Some strategists might frame these Republican wins as a gift to Democrats, and you can look at it that way. Democrats will be more competitive in the upcoming midterms than they might have been if more reasonable Republicans were on the ballot. Moderates and independents abound in Arizona, and they aren’t going to be excited to vote for a passel of kooks. But that doesn’t change the simple fact that the fundamentals are on Republicans’ side this year: Joe Biden is still unpopular; inflation is still high; America might soon be entering a recession.
“Nobody should be popping champagne,” Sarah Longwell, a Republican strategist and the publisher of The Bulwark, told me. “This is the most antidemocracy slate of candidates in the country. We’re in a very dangerous situation.”
“Stop the Steal” candidates are running—and winning—all over the country. But Arizona concentrates a lot of them within a single geographic area—like an ant farm of election deniers.
Lake might prove the most significant of these candidates. Lake’s lead over her top Republican opponent, Karrin Taylor Robson, had grown to nearly 3 percent when the gubernatorial primary race was finally called in her favor on Thursday night. Before becoming an enthusiastic proponent of Trump’s election lies, Lake was a local TV-news anchor, making her a household name in Arizona and giving her something that many political candidates lack: confidence in front of the camera. Like Trump, Lake has a difficult-to-describe magnetism with Republican-base voters; they simply cannot get enough of her.

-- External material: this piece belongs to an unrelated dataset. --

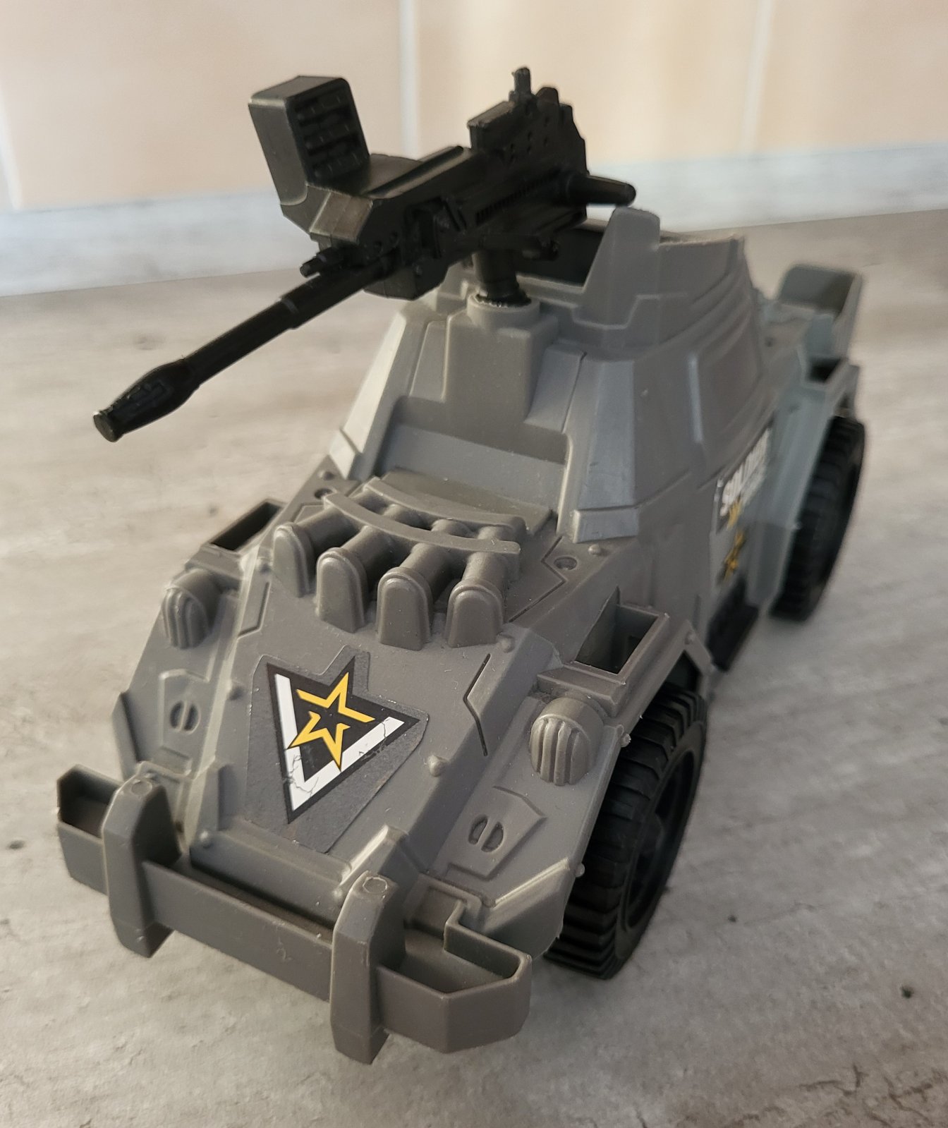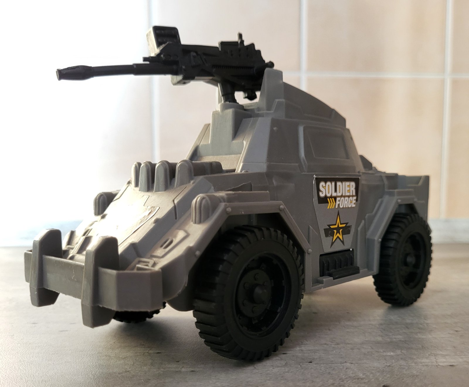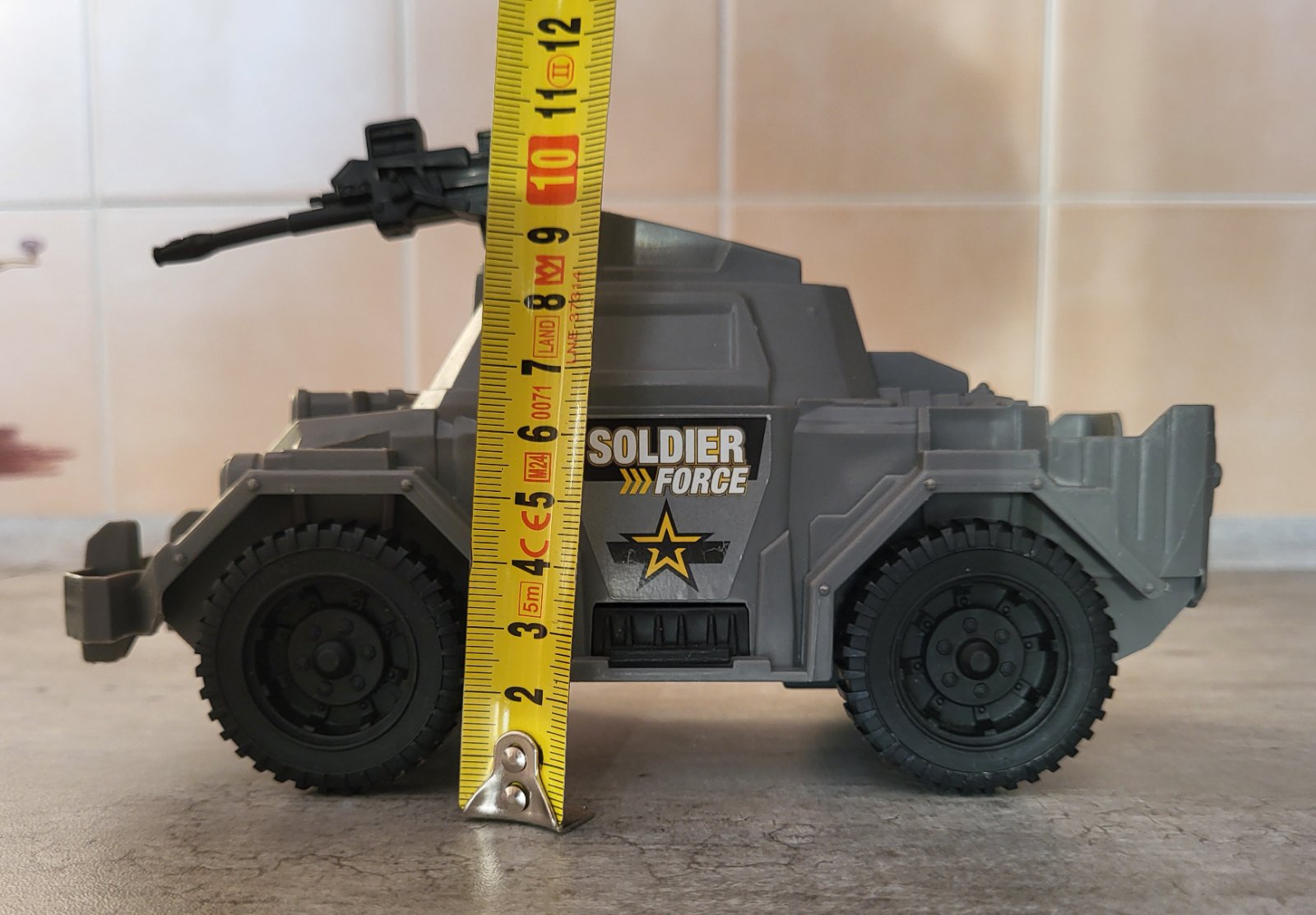 veľmi dobrý stav, plastové, v kabíne miesto pre figúrku, pohyblivý samopal, rozmery na fotkách, pošlem buď poštou alebo packetou

Throughout her campaign, Lake has called Biden an “illegitimate president” and vowed that, if she becomes governor, she’ll be reviewing and decertifying Arizona’s 2020 election results—despite multiple audits (and even a partisan review) showing precisely zero evidence of widespread fraud. Even ahead of the primary, Lake claimed to have evidence of funny business; the NBC reporter Vaughn Hillyard tried to get Lake to share some of that evidence, but she would not. Lake and Finchem, the cowboy-hat-wearing would-be secretary of state whom I profiled last month, have been cooking up new ways supposedly to prevent fraud—by banning voting machines and early voting. Both Lake and Finchem primed voters to believe that, if they lost, only fraud would explain their losses. Of course they did. That’s the new Republican playbook, and these two know it better than anyone.